[LeetCode] 3. Longest Substring Without Repeating Characters

Problem: https://leetcode.com/problems/longest-substring-without-repeating-characters/

Use hash map to save the index of visited character.
For every character, locate the last position of this character in the hash map.

If found and the last character is inside of current substring, restart the substring after the duplicated character's last position.

Otherwise, increase current substring length.

Time Complexity = O( N ), N = len(s)
Space Complexity = O( N ), for the space used by the hash map.

from collections import defaultdict

class Solution:
    def lengthOfLongestSubstring(self, s: str) -> int:
        seen = defaultdict(lambda: -1)

        left = -1
        result = 0

        for right, letter in enumerate(s):
            left = max(seen[letter], left)  # shrink window if needed

            result = max(result, right - left)
            seen[letter] = right # remember the last position the letter was seen
            
        return result

A classical sliding window implementation.
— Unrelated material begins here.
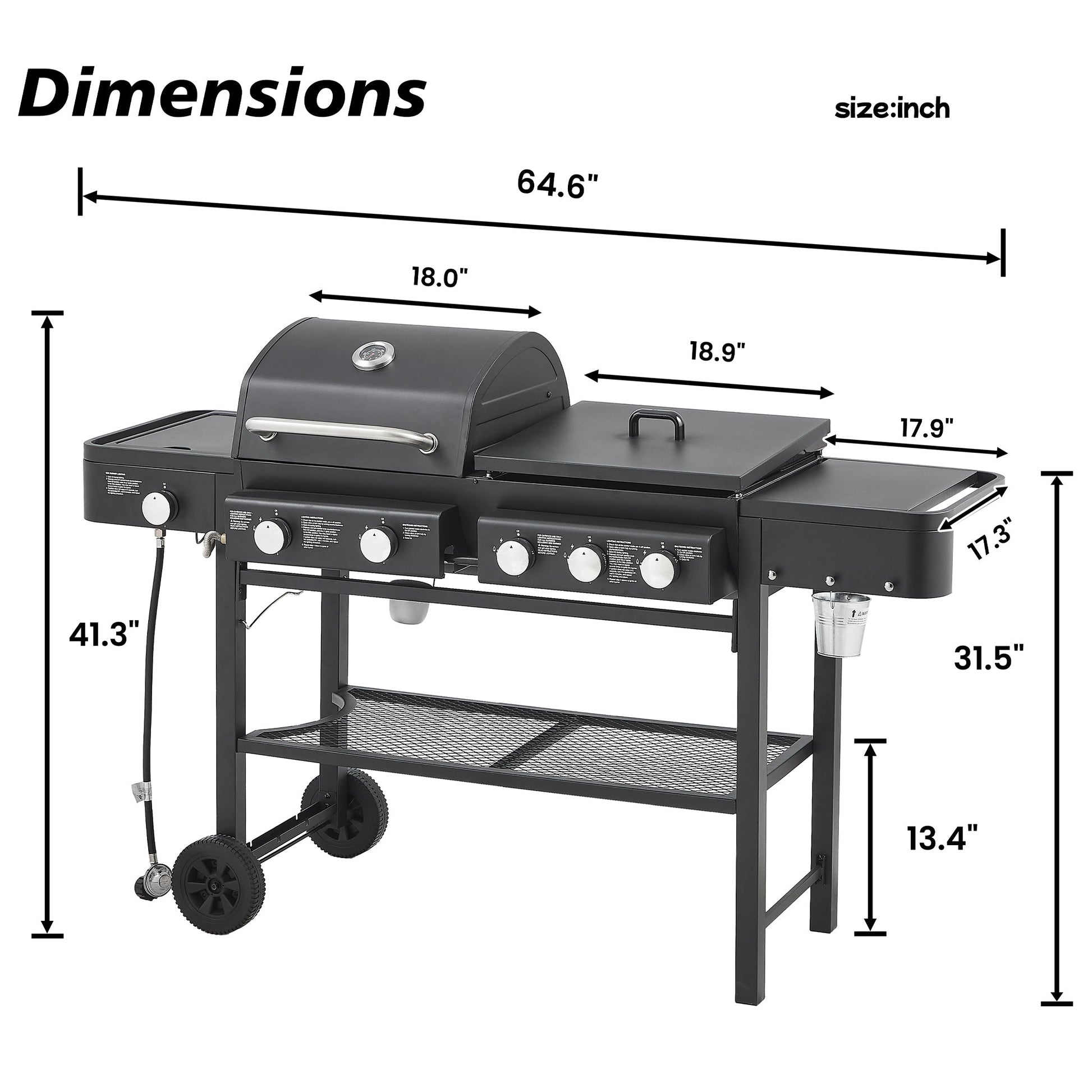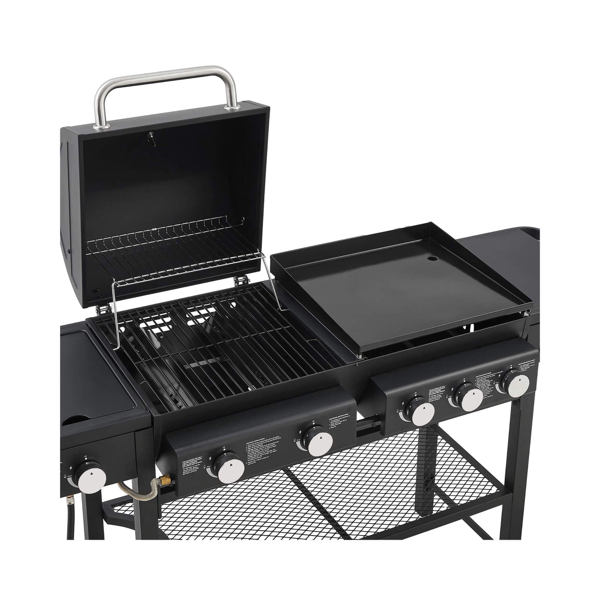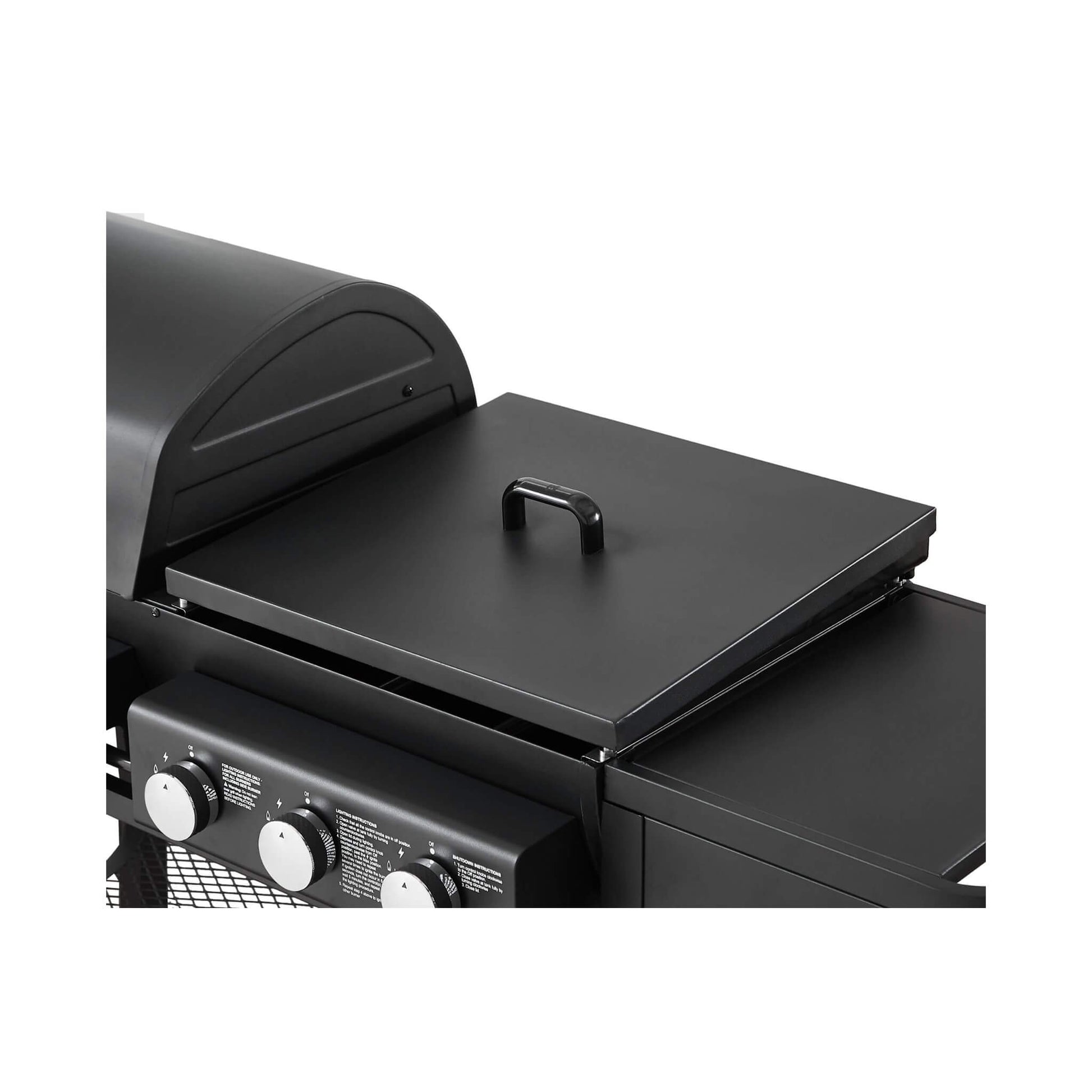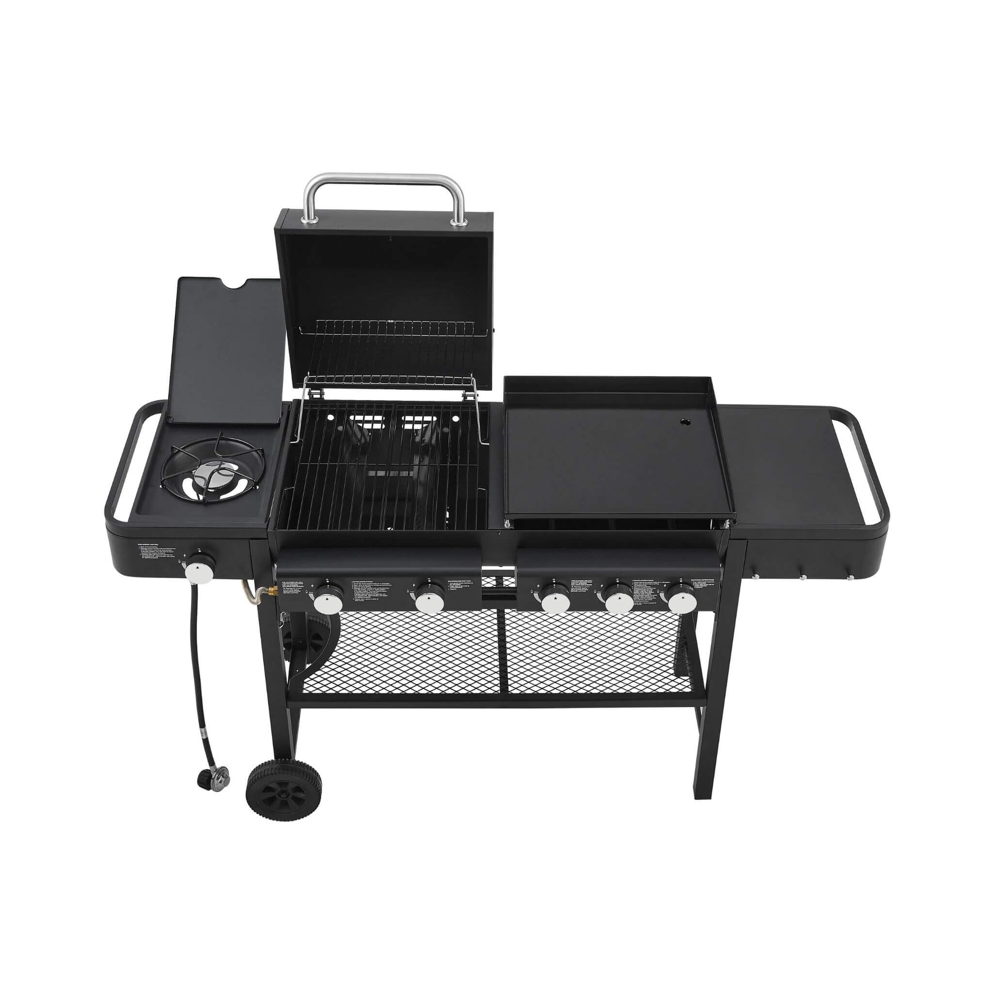 - Seamlessly switch between the gas grill, flat griddle, and side burner. From morning pancakes on the griddle to flame-grilled burgers for lunch and gourmet dinners, this design handles it all.

Count encoutered letter with hash table.

Time complexity = O ( 2 * N ), N = len(s)

class Solution {
    public int lengthOfLongestSubstring(String s) {
        Map<Character, Integer> counter = new HashMap<>();
        int left = 0;
        int result = 0;
        
        for (int right = 0; right < s.length(); right++) {
            char rc = s.charAt(right);
            counter.put(rc, counter.getOrDefault(rc, 0) + 1);
            
            while (counter.get(rc) > 1) {
                char lc = s.charAt(left);
                counter.put(lc, counter.get(lc) - 1);
                left += 1;
            }
            
            result = Math.max(result, right - left + 1);
        }
        
        return result;
    }
}

Edited on 06/10/2022. Replaced with the Java version sliding window approach.

Edited on 06/16/2021. Added the Python version sliding window approach.